Assignment>
The result should be a faithful copy of every entry below, with the pictures left out.

Records contained in a dataset:
______
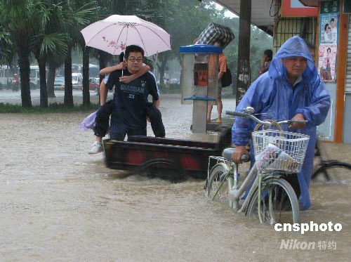 5月30日,廣西柳州暴雨如注,降雨量達100毫米以上,市內(nèi)多處低洼地段發(fā)生嚴重內(nèi)澇,市民相互幫助,從容面對。據(jù)悉,強降雨自25日襲擊廣西大部分地區(qū)以來,引發(fā)嚴重的山洪災(zāi)害,目前已造成4人死亡,118000人受災(zāi)。中新社發(fā) 蒙鳴明 攝
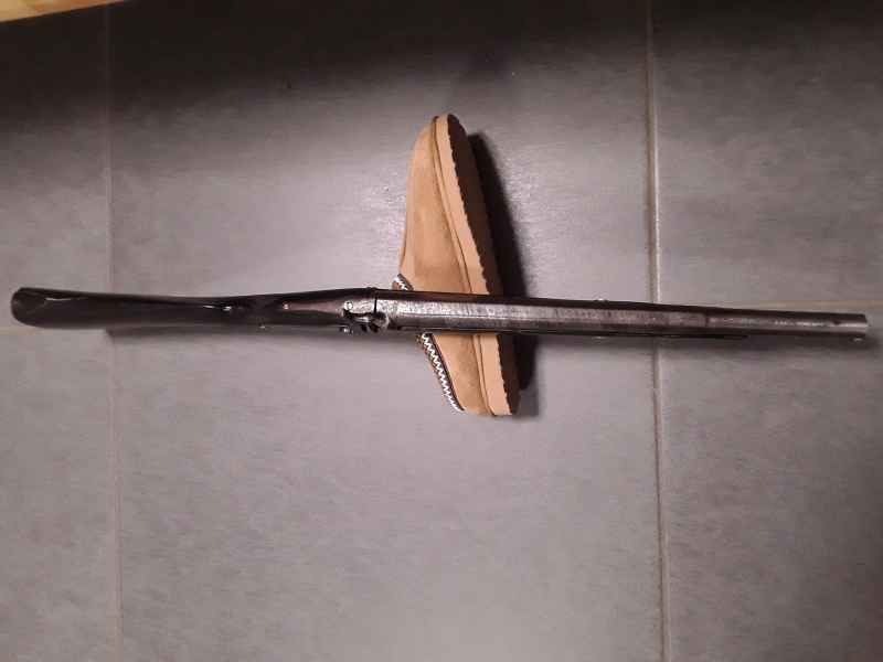 Sie bieten auf eine alte Flinte.Vermutlich französisch. Der Lauf ist abgesägt und der Hahn ist angepunktet, da die Schraube fehlt.
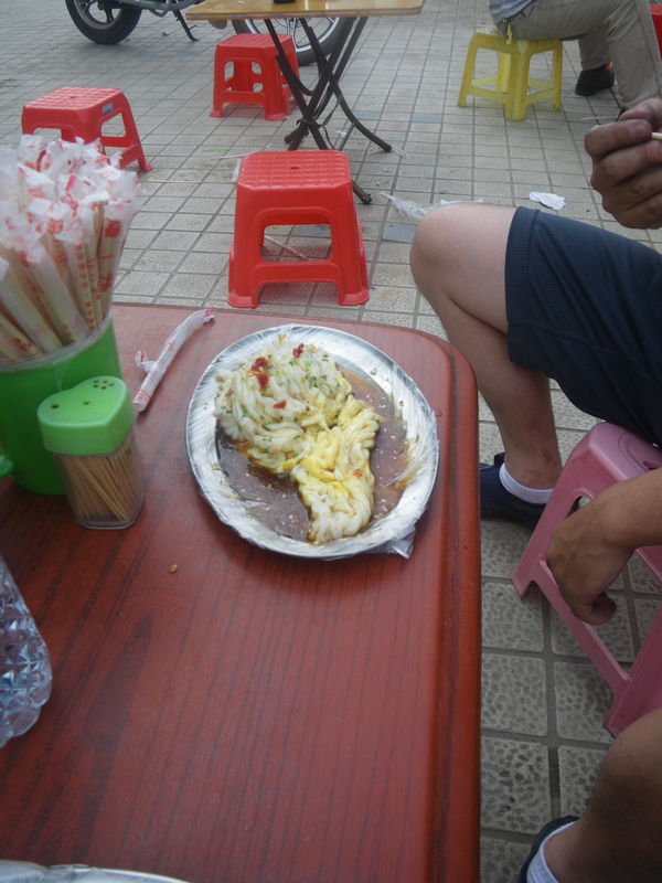 へんな名前だが、形が腸ににているためそういう名前になっている。米粉でできていてうまい。値段はたしか2元ぐらいだったと・・・。
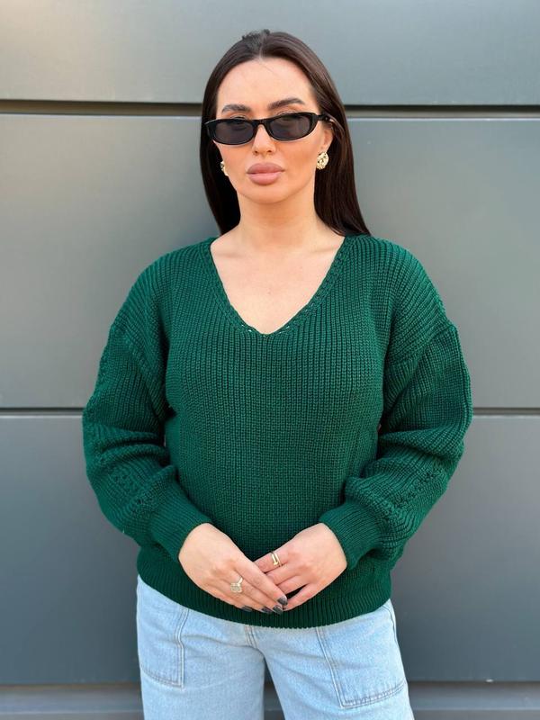 Изумрудный женский свитер со спущенным плечевым швом
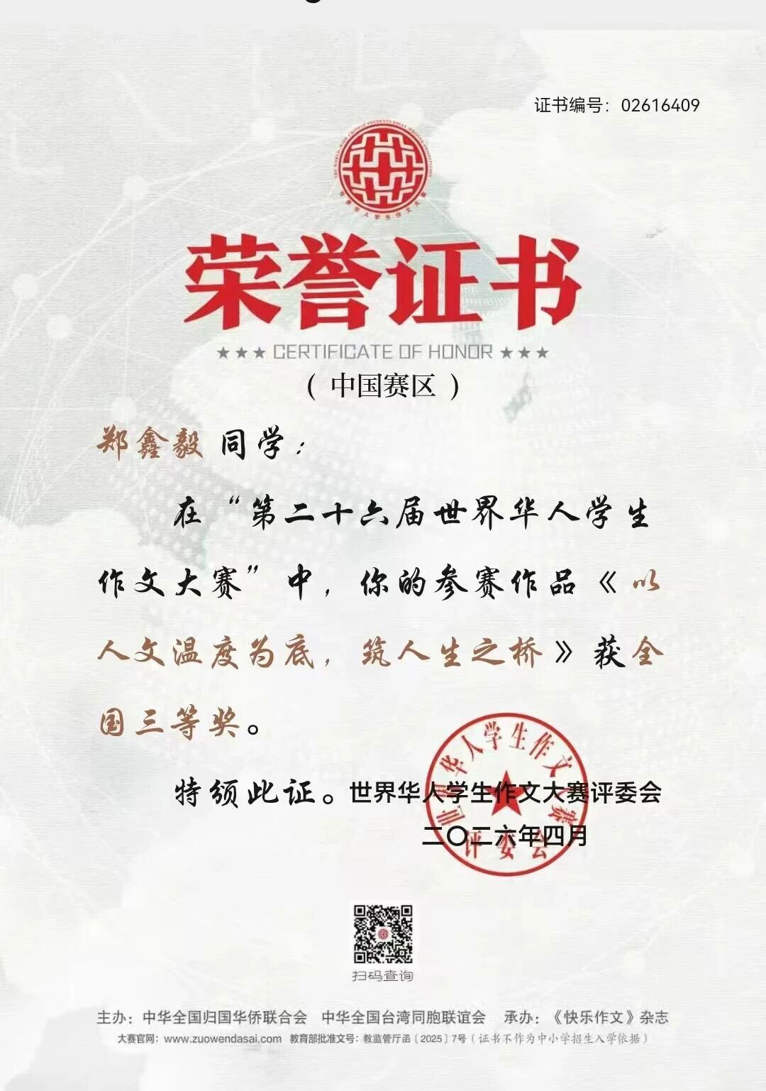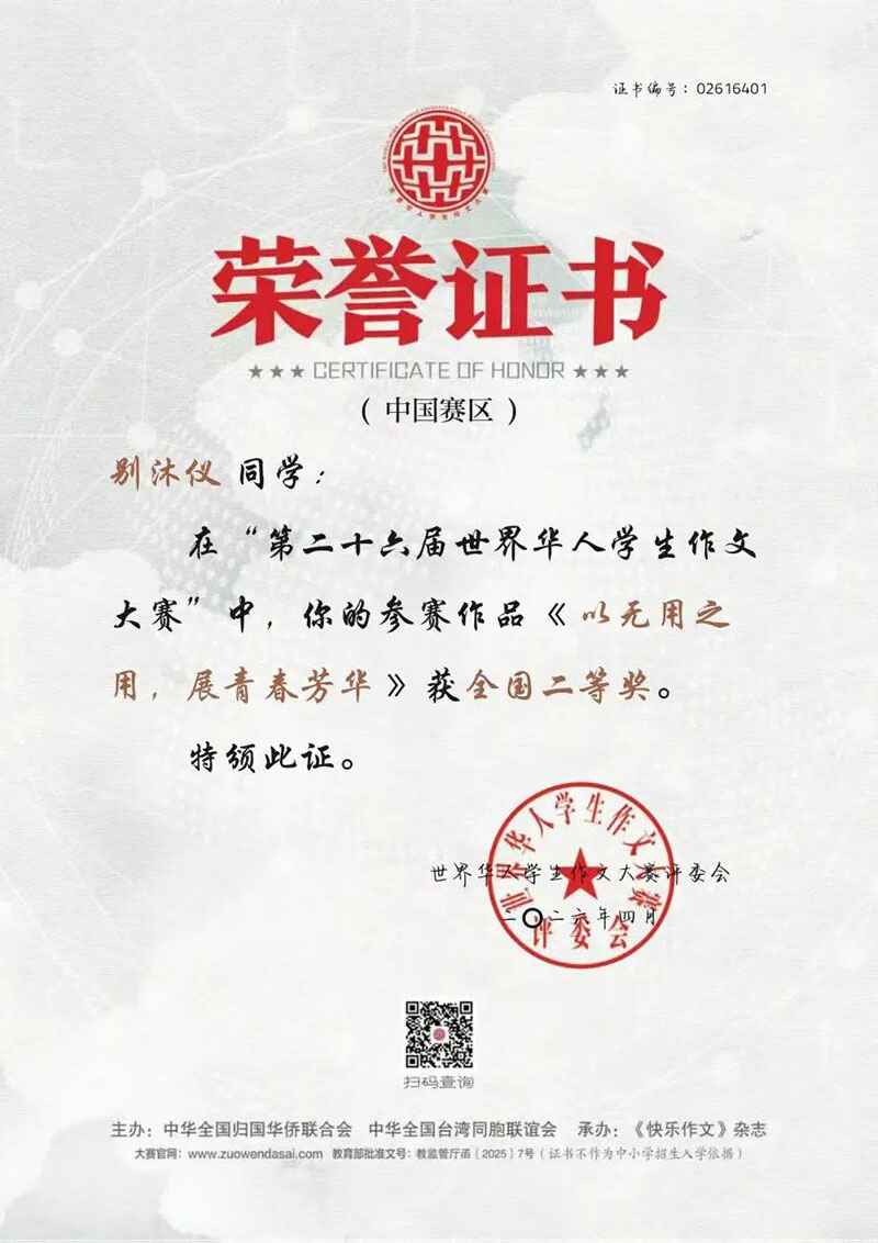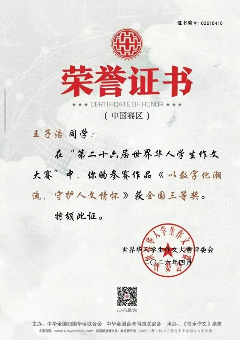 这份荣耀,是学子们笔耕不辍的硕果,是老师们诲人不倦的见证,更是学校“以文育人、以文化人”教育理念的生动实践,未来,我校将继续搭建多元成长平台,秉持“因材施教”的原则,鼓励学生以笔为翼、以文传情,在更广阔的舞台上展现青春风采,书写属于新时代的少年华章!
______
Finished task>
 5月30日,廣西柳州暴雨如注,降雨量達100毫米以上,市內(nèi)多處低洼地段發(fā)生嚴重內(nèi)澇,市民相互幫助,從容面對。據(jù)悉,強降雨自25日襲擊廣西大部分地區(qū)以來,引發(fā)嚴重的山洪災(zāi)害,目前已造成4人死亡,118000人受災(zāi)。中新社發(fā) 蒙鳴明 攝
 Sie bieten auf eine alte Flinte.Vermutlich französisch. Der Lauf ist abgesägt und der Hahn ist angepunktet, da die Schraube fehlt.
 へんな名前だが、形が腸ににているためそういう名前になっている。米粉でできていてうまい。値段はたしか2元ぐらいだったと・・・。
 Изумрудный женский свитер со спущенным плечевым швом
 这份荣耀,是学子们笔耕不辍的硕果,是老师们诲人不倦的见证,更是学校“以文育人、以文化人”教育理念的生动实践,未来,我校将继续搭建多元成长平台,秉持“因材施教”的原则,鼓励学生以笔为翼、以文传情,在更广阔的舞台上展现青春风采,书写属于新时代的少年华章!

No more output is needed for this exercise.